I created it some years ago, when I was running on Fedora Linux, to enable cross-platform exports of R data frames to Excel files, which was a request by numerous clients and it has evolved over time.

I will be submitting what will become version 6.3.0 yet today, with the bug fix, and it should begin to show up on the CRAN network in the next few days.

Thanks again for your expedient help here!

jmcnamara commented 3 years ago

That's good. I'm happy to see Excel::Writer::XLSX getting some use in R. Thanks for the work on that.

I also wrote a C version of Excel::Writer::XLSX called libxlsxwriter that someone wrapped into a similar R library: https://docs.ropensci.org/writexl/

I also wrote a Python version called XlsxWriter which I helped integrate into Python Pandas. Pandas has a option to expose the underlying workbook and worksheets that it is using so users can take advantage of features such as Charts, Conditional Formatting and Tables. See for example: Working with Python Pandas and XlsxWriter. That probably isn't feasible, or at least easy, in R but you might be interested in it.

Anyway, let me know if you need any help with your R library in future.

marcschwartz commented 3 years ago

Hi John,

Thanks for the additional information. I am aware of some of the other implementations in R for reading and/or writing Excel files, and most depend upon Python or Java, as an alternative to Perl. There is also the so-called Tidyverse implementation, which I believe depends upon C/C++, and tends to be popular with RStudio users, which is one of the more popular add-on R GUIs.

Much of the differentiation in the R Excel related implementations comes down to the exporting side of the flow, and the Excel functionality that is supported, including the formatting of cells, the manipulation of Excel objects and similar.

As my focus has been narrowly on supporting the cross-platform exporting of R data frames to Excel files, primarily for the portability of R datasets to non R users, I have stayed away from supporting unrelated functionality, like more extensive cell formatting, graphics, tables, Excel formulae, etc.

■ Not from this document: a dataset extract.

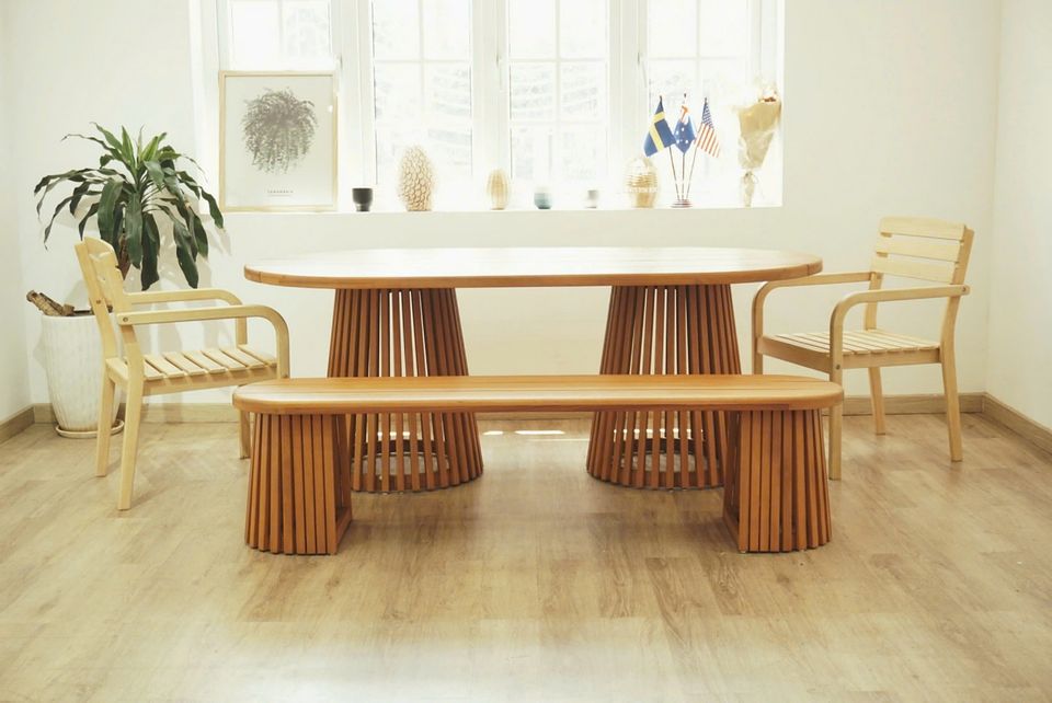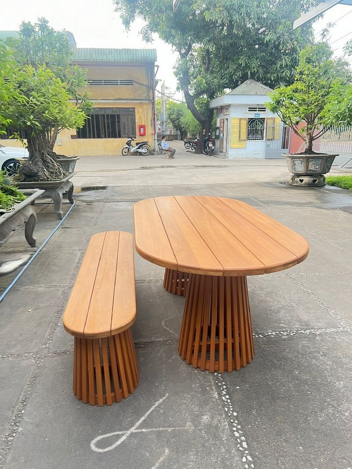 โต๊ะรับประทานอาหารกลางแจ้งทรงรีที่หรูหรา | แท่นไม้ทนทานแบบสองชั้นสำหรับลานระเบียงโรงแรมและวิลล่า | ผู้ผลิตเวียดนาม

The XLConnect package, is one such CRAN package that does support an extended feature set, using Java:

https://cran.r-project.org/web/packages/XLConnect/index.html

There is a cross-over, to some extent, between R and Python in some circles, with some users taking advantage of both environments as may be apropos. There have been comparisons between the R Tidyverse environment and Python Pandas for data management related tasks, and a Google search reveals numerous examples. I don't use the Tidyverse functionality, given that my use of R long predates it and I have developed my own workflows. However, along with RStudio, it is more popular with newer users.

I appreciate your offer of assistance and will certainly reach out in the future!